Blood-Brain Barrier: Bridging Options for Drug Discovery and Development
By Allan B. Haberman, PhD
- Strategies to develop small- and large-molecule CNS drugs capable of crossing the blood-brain barrier (BBB)
- Interviews with leading researchers who are aggressively tackling the BBB challenge in CNS drug discovery and development
- Analysis of results from a Blood-Brain Barrier Survey, responded to by a range of companies involved in CNS research and drug discovery/development
CNS diseases are a major focus of the pharmaceutical industry, with CNS drugs representing some of its most successful products. These include Pfizer’s Zoloft (sertraline, for treatment of depression and certain types of anxiety disorders), Lilly’s Cymbalta (duloxetine, for treatment of depression) and Bristol-Myers Squibb’s/Otsuka’s Abilify (aripiprazole, for treatment of bipolar disorder and schizophrenia). However, drug discovery and development researchers experience difficulty developing CNS drugs that complete clinical trials and win regulatory approval—especially drugs which meet major unmet needs in the CNS area, such as Alzheimer’s disease. The vast majority of drugs fail to cross the BBB, which is causing a major bottleneck in successful development of CNS drug candidates.

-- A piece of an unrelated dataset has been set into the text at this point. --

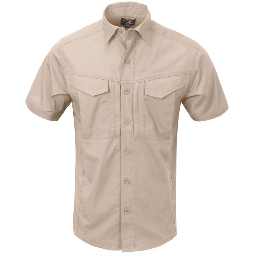 Koszula Helikon-Tex Defender Mk2 z krótkim rękawem to odświeżona wersja popularnego modelu stworzonego z myślą o funkcjonariuszach, operatorach, ochroniarzach oraz osobach aktywnych w terenie i mieście. Dzięki zastosowaniu nowego, lekkiego materiału CVC Ripstop koszula jest przewiewna, szybkoschnąca i bardziej komfortowa w upalne dni, a jej krój zapewnia swobodę ruchów i funkcjonalność w każdej sytuacji.

This report reviews the discovery, design and development of small- and large-molecule drugs that can efficiently cross the BBB. This includes more traditional, medicinal chemistry-based methods, as well as approaches that exploit carrier-mediated transport (CMT) and receptor-mediated transport (RMT). Also covered in the report is use of nanoparticle technology to enable BBB penetration. Further, the report presents in vitro and in vivo assays as well as imaging methods to ascertain a drug’s ability to cross the BBB and reach its target.
The report includes results of a survey of researchers and executives—from corporate and academic organizations—who are active in the CNS drug development area. The survey explores their involvement in BBB-related technologies and programs. The survey results are discussed in terms of what they reveal about the current state of BBB research and the future potential for developing drugs that are able to cross it.
About the Author
Allan B. Haberman, PhD, is Principal of Haberman Associates (www.biopharmconsortium.com), a consulting firm specializing in science and technology strategy for pharmaceutical, biotechnology, and other life science companies. He is also a Principal and Founder of the Biopharmaceutical Consortium, an expert team formed to assist life science companies, research groups, and emerging enterprises to identify and exploit promising, breakthrough technologies. He is also the author of numerous publications on the pharmaceutical and biotechnology industries, their technologies and products, and on the major therapeutic areas for drug discovery and development. Formerly the associate director of the Biotechnology Engineering Center at Tufts University, he received his PhD in biochemistry and molecular biology from Harvard University.